“With ISIS setting it’s sights on global expansion, and a history of Islamic extremism in the region, we cannot afford to continue turning a blind eye to these threats emerging right here in our own hemisphere.”
WASHINGTON, D.C. – U.S. Senator Joni Ernst sent a letter today to President Obama ahead of his upcoming trip to Peru underscoring her concerns over the growing influence of ISIS in Latin America, urging him to take action.
In the letter, Senator Ernst wrote: “ISIS and its sympathizers are growing more overt in Latin America. Their increased use of messaging in Spanish and Portuguese, coupled with calls for terror in the region, exemplify ISIS’s unwavering determination to change and imbed in new surroundings… I echo the message from your SOUTHCOM Commander, and his predecessor, who have raised concerns about the growth of extremism in Latin America and urge you to make this issue a top priority for your travel this month.”
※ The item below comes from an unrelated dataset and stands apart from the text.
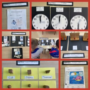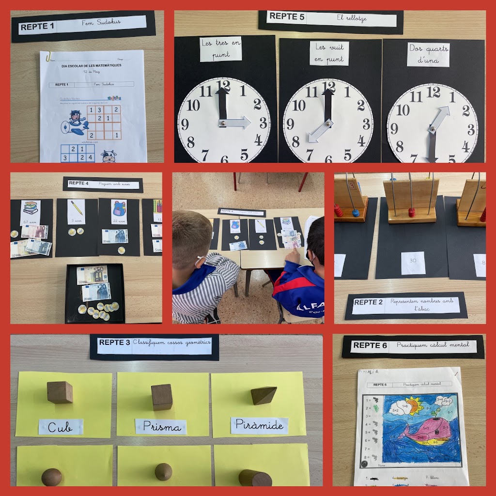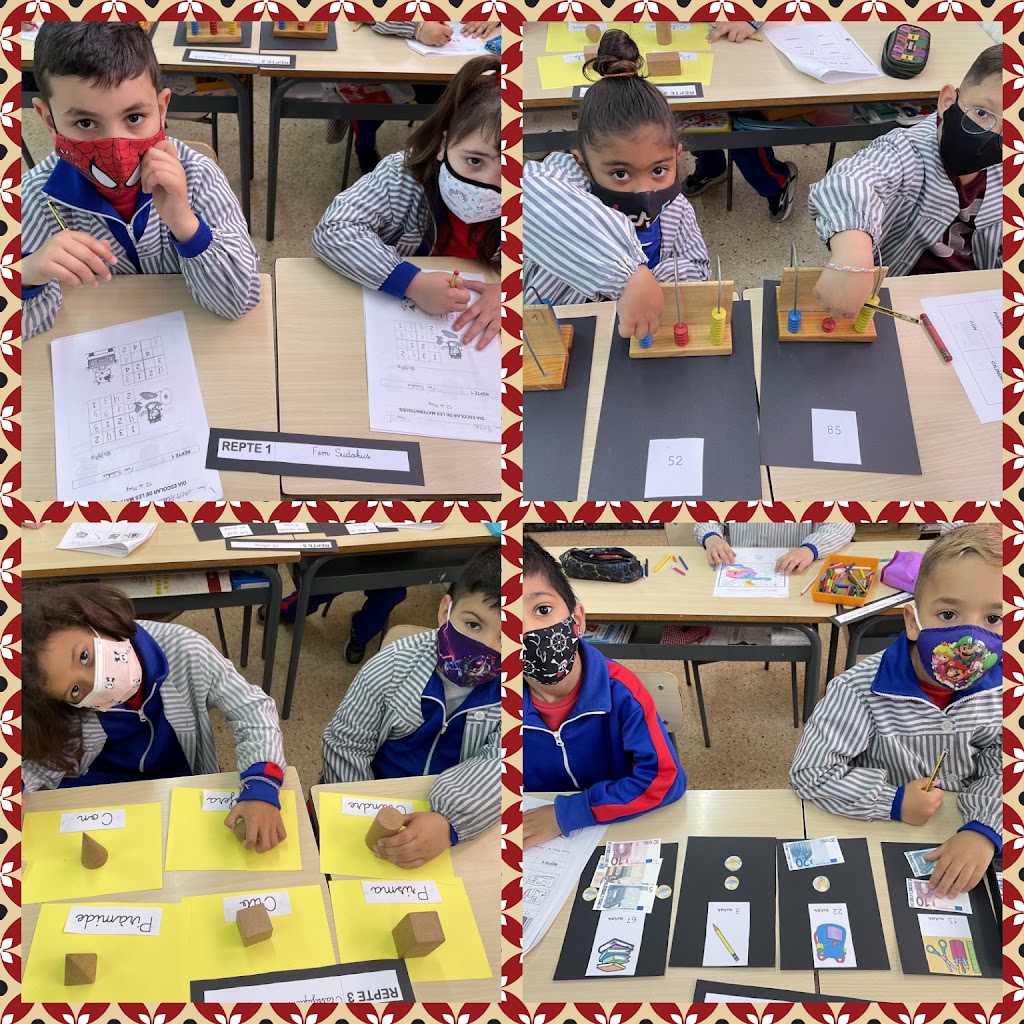 A 1r han celebrat el dia escolar de les Matemàtiques realitzant aquests diferents reptes: fent Sudokus, representant nombres amb l’àbac, classificant cossos geomètrics, pagant amb bitllets i monedes d’euro, posant l’hora en un rellotge analògic i fent càlcul mental.

In addition, the Iowa Senator listed three questions she encouraged the president to discuss with Latin American leaders; she requested the president to explain how he will encourage more Latin American countries to join the U.S.-led Coalition to Counter ISIS, to detail U.S. missions in Latin America to counter the growth of ISIS, and to lay out his steps taken to urge more anti-terrorism cooperation and counter terrorism efforts.
This letter follows a recent column Senator Ernst penned for CNN that points to Latin America as another region the administration has failed to properly counter ISIS and the need for the President to work with our partners and encourage others in the region to join the fight.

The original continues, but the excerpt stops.